The document does not specify the sample size for individual tests, nor does it provide details on the data provenance (e.g., country of origin, retrospective/prospective). The performance testing described appears to be a series of engineering and usability validations rather than a clinical study with a patient-derived test set in the conventional sense of AI performance evaluation. The "test sets" would likely refer to engineering models, simulated environments, and potentially cadaveric or phantom models for accuracy and repeatability testing.

3. Number of Experts Used to Establish the Ground Truth for the Test Set and Qualifications of Those Experts

This information is not provided in the document. For a robotic system, "ground truth" often involves highly precise measurement equipment and established engineering benchmarks rather than expert clinical consensus for image interpretation. For human factors validation, usability experts and clinicians would be involved, but specific numbers and qualifications are not listed here.

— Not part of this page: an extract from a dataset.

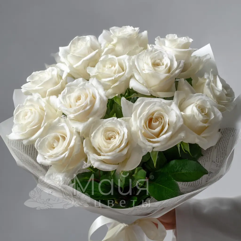 Белоснежные розы в холодной палитре — для ценителей минимализма и лаконичности. Эстетичный и сдержанный букет, который подойдёт как для деловых поздравлений, так и для трогательных моментов.

4. Adjudication Method for the Test Set

This information is not provided.

5. If a Multi Reader Multi Case (MRMC) Comparative Effectiveness Study was Done

No MRMC study is mentioned. This type of study is typically performed for AI systems that assist human readers in diagnostic or screening tasks. The Yomi Robotic System is a surgical guidance system, and the "AI" component is more embedded in its navigation and planning software, not as a separate diagnostic reader.

6. If a Standalone (i.e. algorithm only without human-in-the-loop performance) was Done

The performance testing revolves around the integrated system, including the software and new accessories (YomiLink Arch and Probing Bit) as they interact within the existing Yomi Robotic System workflow. While core algorithm accuracy is verified, it's presented within the context of the overall system's function, not as a standalone AI diagnostic output. The YomiPlan software is for preplanning, and its output is to be used with the Yomi Robotic System, not as a standalone diagnostic.

7. The Type of Ground Truth Used

The ground truth for the device's accuracy and performance would be established through a combination of methods typical for robotic systems:

• Physical measurements: Using highly accurate metrology equipment to verify positioning, deflection, and repeatability against known physical standards.
• Engineering specifications: Comparing system performance against pre-defined engineering tolerances and design requirements.
• Simulation/Phantoms: Testing the system's ability to accurately navigate and execute plans on controlled phantom models.
• User requirements: For human factors and software end-user validation, the "ground truth" would be the successful completion of tasks by users in accordance with specified requirements and industry standards for usability.

Specific details about the type of ground truth for each test are not elaborated in this summary.

8. The Sample Size for the Training Set

The document does not mention the sample size for the training set. For a robotic navigational system like Yomi, "training" might refer to the development and refinement of algorithms for spatial recognition, registration, and robotic control. This process typically involves extensive internal validation and iterative development with various datasets (e.g., 3D models, CBCT scans) but does not necessarily align with the concept of a "training set" in the context of supervised machine learning for diagnostic tasks.

9. How the Ground Truth for the Training Set was Established

This information is not provided. Similar to point 7, the "ground truth" for developing such a system would be based on engineering principles, known anatomical landmarks, and precise spatial measurements to ensure accurate digital representations and their correlation with physical reality for robotic guidance.